Меня положили в больницу. Я пыталась сказать «доброе утро», но меня за это побили. Я написала от страха в фирменные штаны, и их под предлогом стирки спиздили, а мне дали пятнисто-зеленые с традиционным «порватым очком». В столовой я потребовала себе протертой и провернутой пищи на вторичном бульоне, как велел врач, но мне швырнули тарелку с крупными кусками странного цвета, стукнули по шее, когда я приблизила к ней лицо и сказали: жри, что дают. Началась круговерть процедур. У меня взяли два литра крови для переливания старухам, забыли вынуть зонд, простудили и отравили.

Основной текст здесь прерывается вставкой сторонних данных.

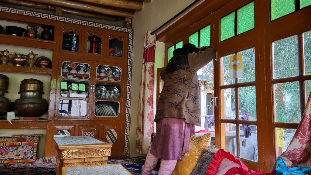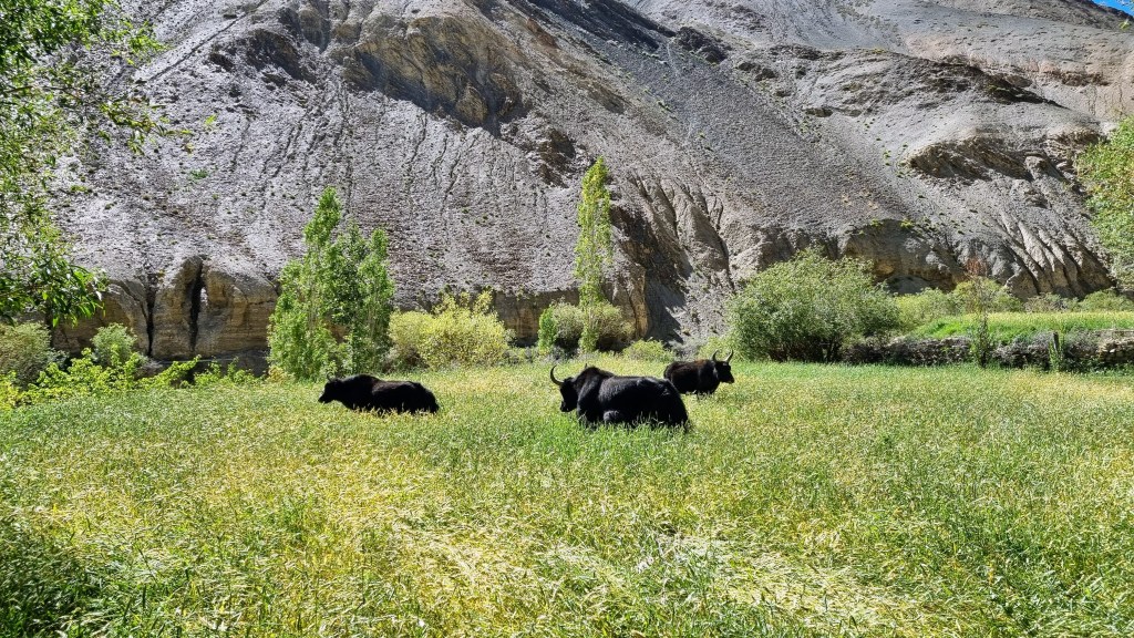 Allongés sur le sol, aux aurores, pratiquant quelques étirements matinaux, nous observons, la tête à l’envers, la crête des montagnes de l’Himalaya se profiler dans un ciel épinglé d’un soleil encore pale. On en distingue, à travers les petits carreaux de verres, les veines et rigoles sombres qui courent le long des pans massifs des roches caramel. Il fait doux et de la fenêtre ouverte, un vent timide agite les branches hautes des peupliers tandis qu’une vache meugle à un mètre de là. C’est toujours un étonnement de contempler le monde à l’envers, c’est un miracle inédit que de le regarder s’éveiller depuis les hauteurs du Ladakh.
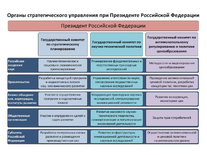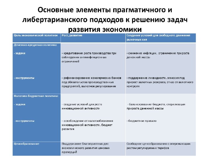 Промышленная политика Выращивание конкурентоспособных корпораций на основе стимулирования использования новых технологий Привлечение транснациональных корпораций для сборки иностранной техники Институты развития Наращивание институтов развития, Ограничение институтов развития создание системы их рефинансирования, бюджетными ассигнованиями, приватизация активное использование государственных корпораций Трудовые отношения Повышение производительности труда, вовлечение трудовых коллективов в управление предприятиями Свободный рынок труда, расширение трудовой иммиграции Природопользование Изъятие природной ренты в доход государства за счет экспортных пошлин, налоги на дополнительный доход у недропользователей, платежи за загрязнения окружающей среды в систему экологических фондов Налог на добычу полезных ископаемых, экологический налог Государственное управление Создание системы стратегического управления на основе программноцелевого подхода Создание рынка государственных услуг Ожидаемые результаты Модернизация и развитие экономики, ежегодный прирост ВВП 6 -8%, инвестиций – 15 -20% Сырьевая специализация экономики, ежегодный прирост экономики 1 -2%, доминирование иностранного капитала
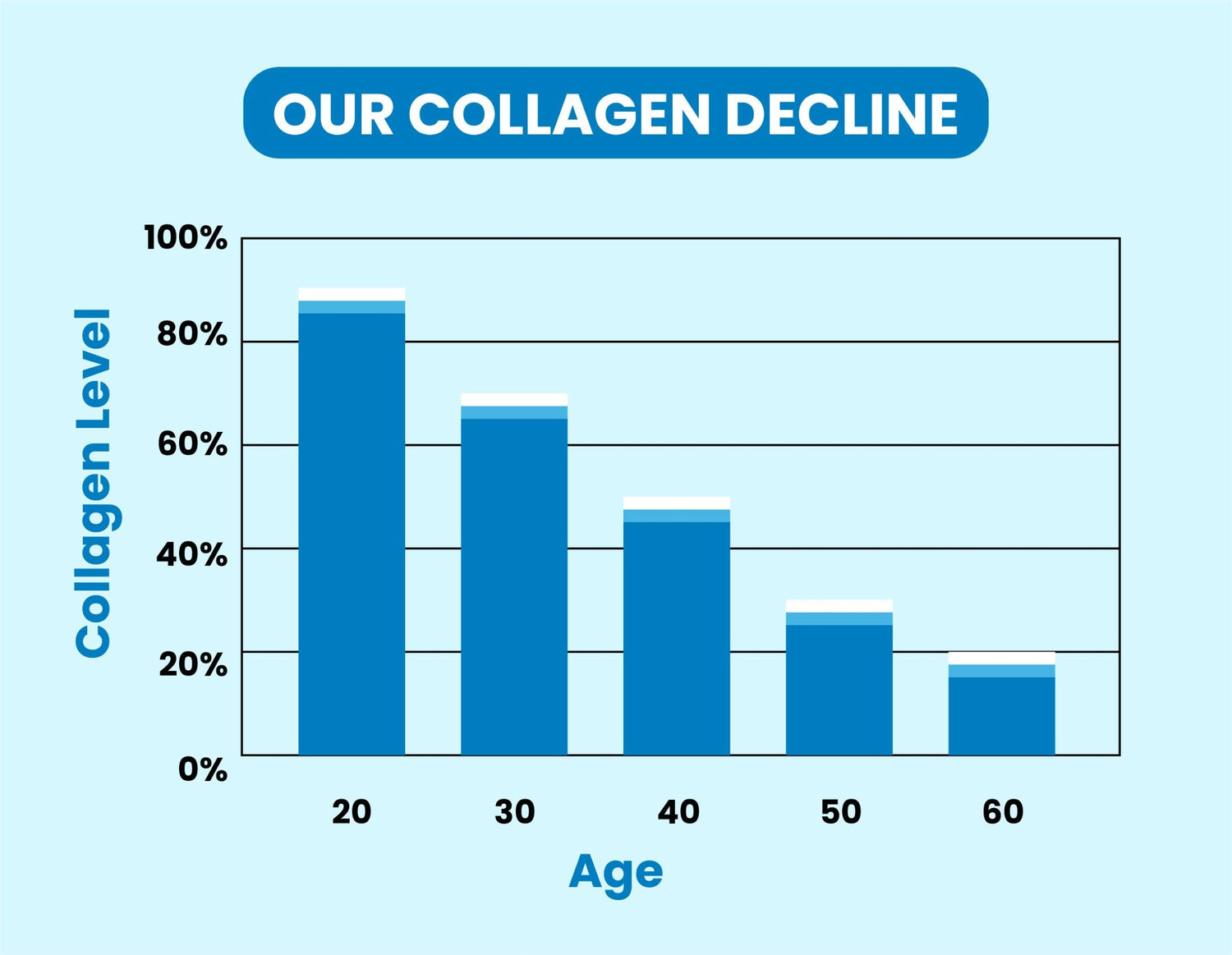 When we’re young, our bodies are naturally high in collagen, but as we age past 20, our collagen levels decrease significantly. This drop in collagen is what causes dull, sagging & dehydrated skin that’s prone to wrinkles & fine lines, as well as thinning hair, weaker joints & brittle nails.

Покакав как-то раз в горшок, я вышла в коридор со спущенными штанами, чтобы меня вытерли, потому что мне было четыре года. Я прислонилась к стене, выставила попу, стала ждать гувернантку с ватой и кричать «Готово!», но вышла и без того засранная нянечка и треснула меня головой об стену. До обеда я лежала невытертая в коридоре, пока главный врач, которому к тому времени мы уже перестали платить, брезгливо не поднял меня и по старой памяти не вытер.

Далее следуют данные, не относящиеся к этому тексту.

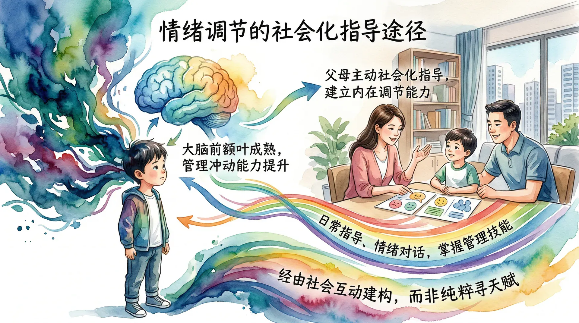 随着前额叶大脑区域逐渐成熟,儿童管理自身感受、冲动和行为的能力稳步提升。父母在这一过程中的作用不仅是管理孩子当下的情绪,更是通过系统性的社会化指导,帮助儿童建立理解和运用情绪调节策略的内在能力。这种社会化指导通常是主动且有意识的,父母通过日常指导、情绪对话和家庭互动模式,引导儿童学会评估自身感受、掌握管理情绪的具体技能,并逐步理解情绪自控的文化期望。由于这些社会化过程贯穿整个成长历程,个人进入成年期后所具备的情绪自我调节能力,在很大程度上是经由社会互动建构而成的,而非纯粹出于个体天赋。
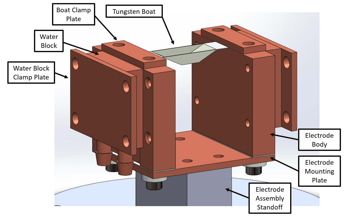 The result of these constraints is the below design. The two electrodes are identical and mirrored across the centerline. Each electrode has a primary body that attaches the tungsten boat via a clamp plate on the top, the water block via a clamp plate on the back, and the mounting plate on the bottom. All parts were made out of (scrap) copper where possible for a high thermal mass and conductivity.
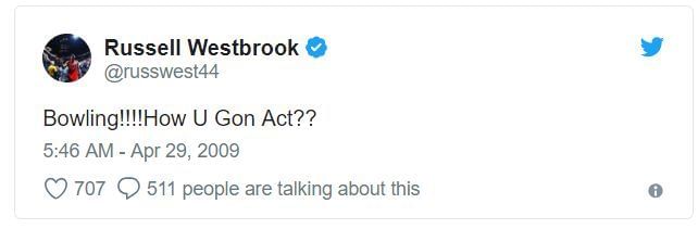 Here's an example of tweeting exactly what you're doing. Brodie's first tweet emerged in 2009 and the only logical explanation is that he tweeted this when he was bowling with his friends. Do you think Westbrook hit a strike?
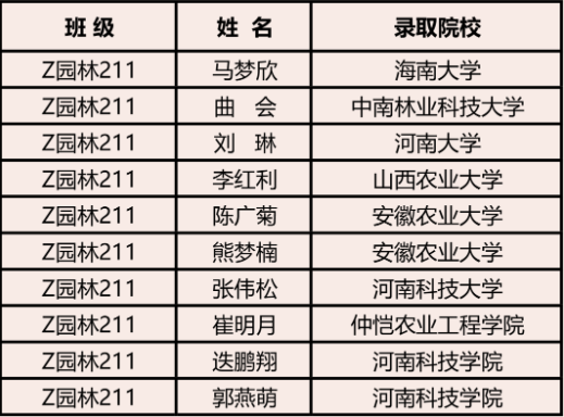 在新工的校园里有这样一个班级他们率真可爱、捷报频传,他们一直在争做“优秀新工人”他们的班级你猜到了吗?没错就是Z园林211班,2023考研已有10名同学收到硕士研究生拟录取通知,录取率高达60%,以优异的成绩交出了令人满意的答卷,他们分别是:
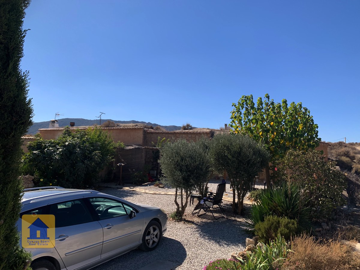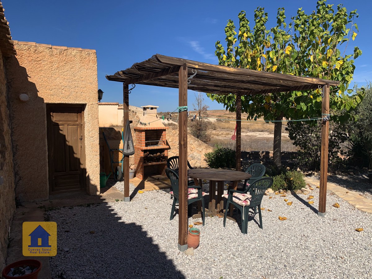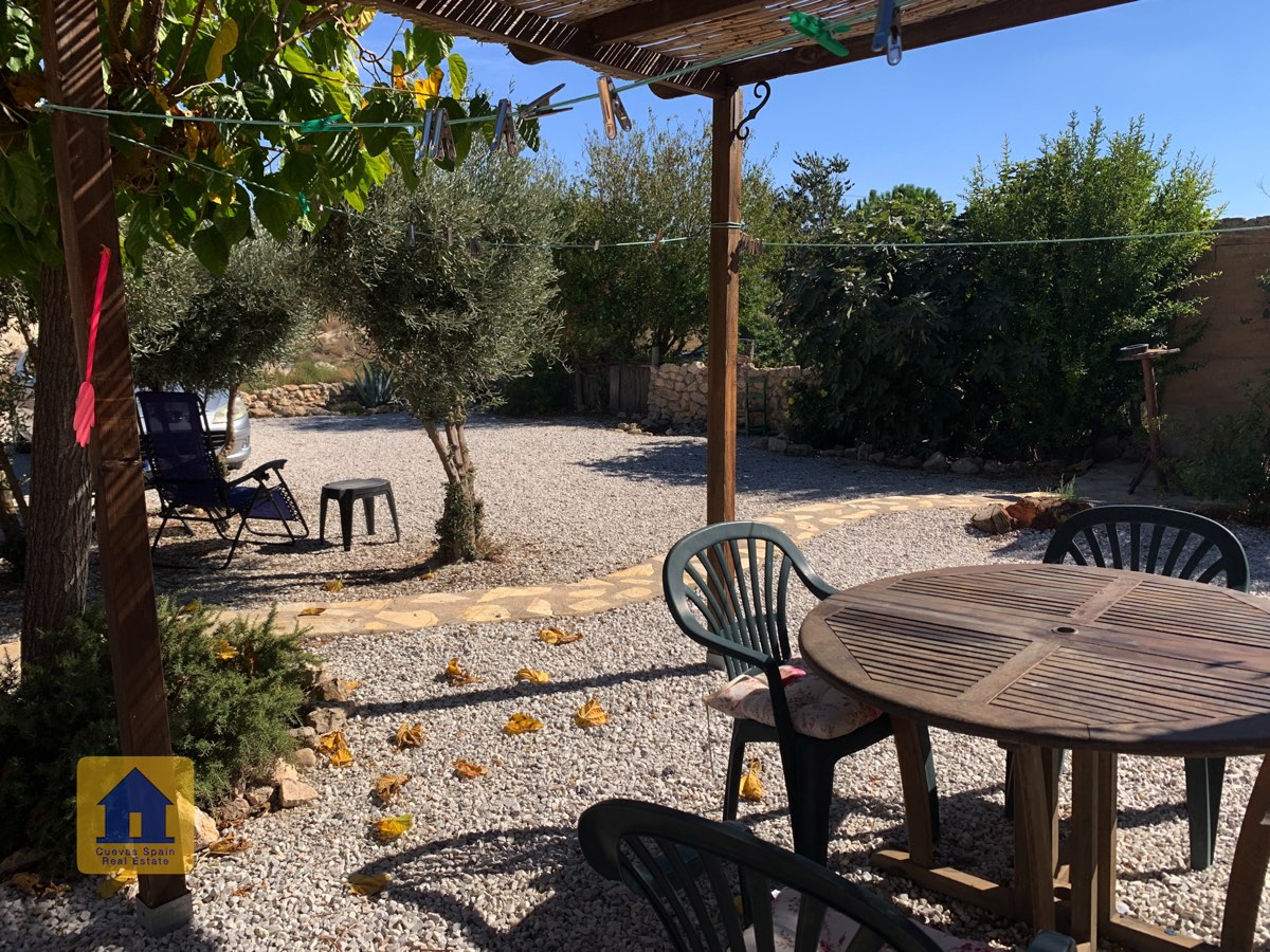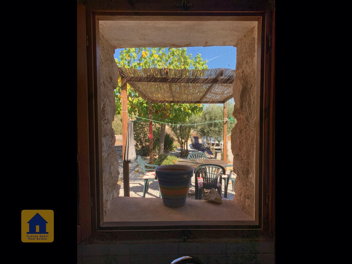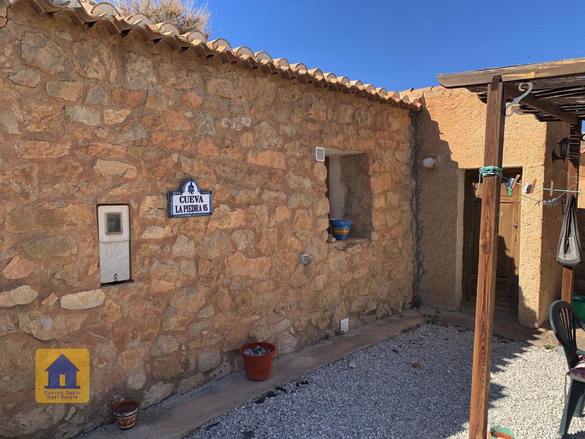 L'extérieur de la grotte présente la pierre caractéristique de Fuente Nueva et une finition rustique dans les tons de terre. La propriété dispose d'un grand patio avec une pergola et un barbecue en briques. Il y a plusieurs oliviers, un cyprès et un figuier. Un gracieux chemin incrusté de pierres traverse le patio. Il y a un grand espace de stationnement. L'espace de stockage couvert en bois pourrait être agrandi pour devenir un abri de voiture. Il y a un mur en pierre de chaque côté de la propriété. Le toit au-dessus de la grotte offre une vue à 360°, idéal pour y faire une terrasse.
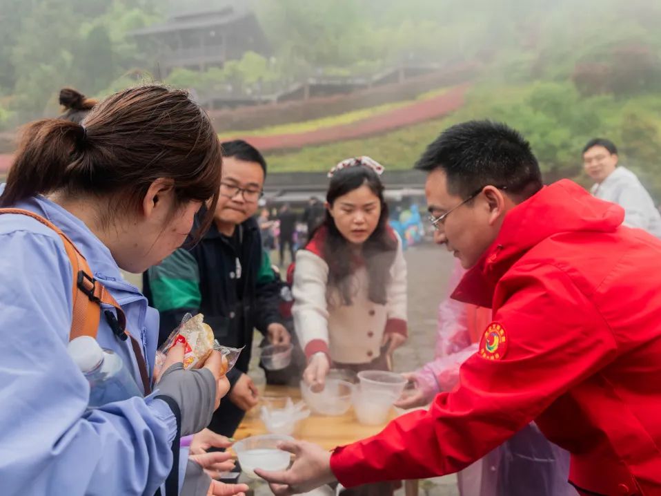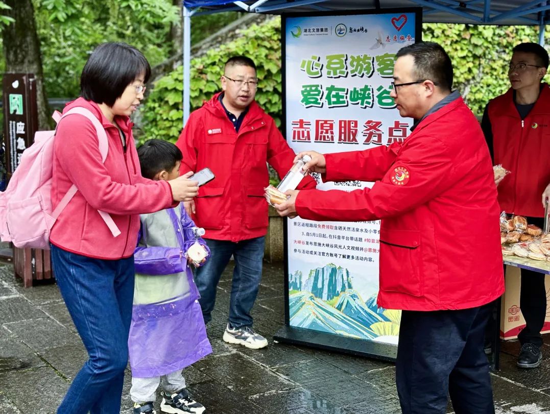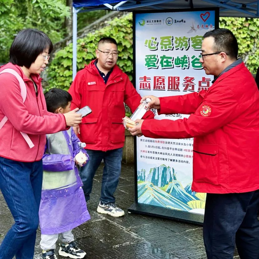 想您所想,盡我所能。大峽谷景區(qū)60多名志愿者以流動服務(wù)的方式將貼心服務(wù)送到游客身邊。分別在游客中心、小蠻腰垂梯出口、甘堰塘返程中心設(shè)立能量“補給站”,免費發(fā)放礦泉水、面包、雨衣。走累了,300臺按摩椅免費休息、放松;最特別之處放置吹風(fēng)機、暖風(fēng)機,時而的濛濛細雨讓淋雨的游客及時烘烤濕衣、吹干頭發(fā);在海拔相對高的區(qū)域,現(xiàn)場熬制熱氣騰騰的稀飯、沖泡特色玉露茶,在旅途中,既暖心又暖胃。

Я перестала обращать на них на всех внимание и, уже привычно покашливая, зашла как-то в мужскую палату. Меня зовут Софи Лореном, сказала я и подняла рубашку. Смех и оживление прокатились по палате. Старшие мальчики небольно проткнули мне хрупкую целочку, играли со мной в настольный футбол, поили молоком и кормили пряниками. Я часто заглядывала туда и всегда уходила с подарками. Контакты с девочками были затруднены и кончались мордобоем.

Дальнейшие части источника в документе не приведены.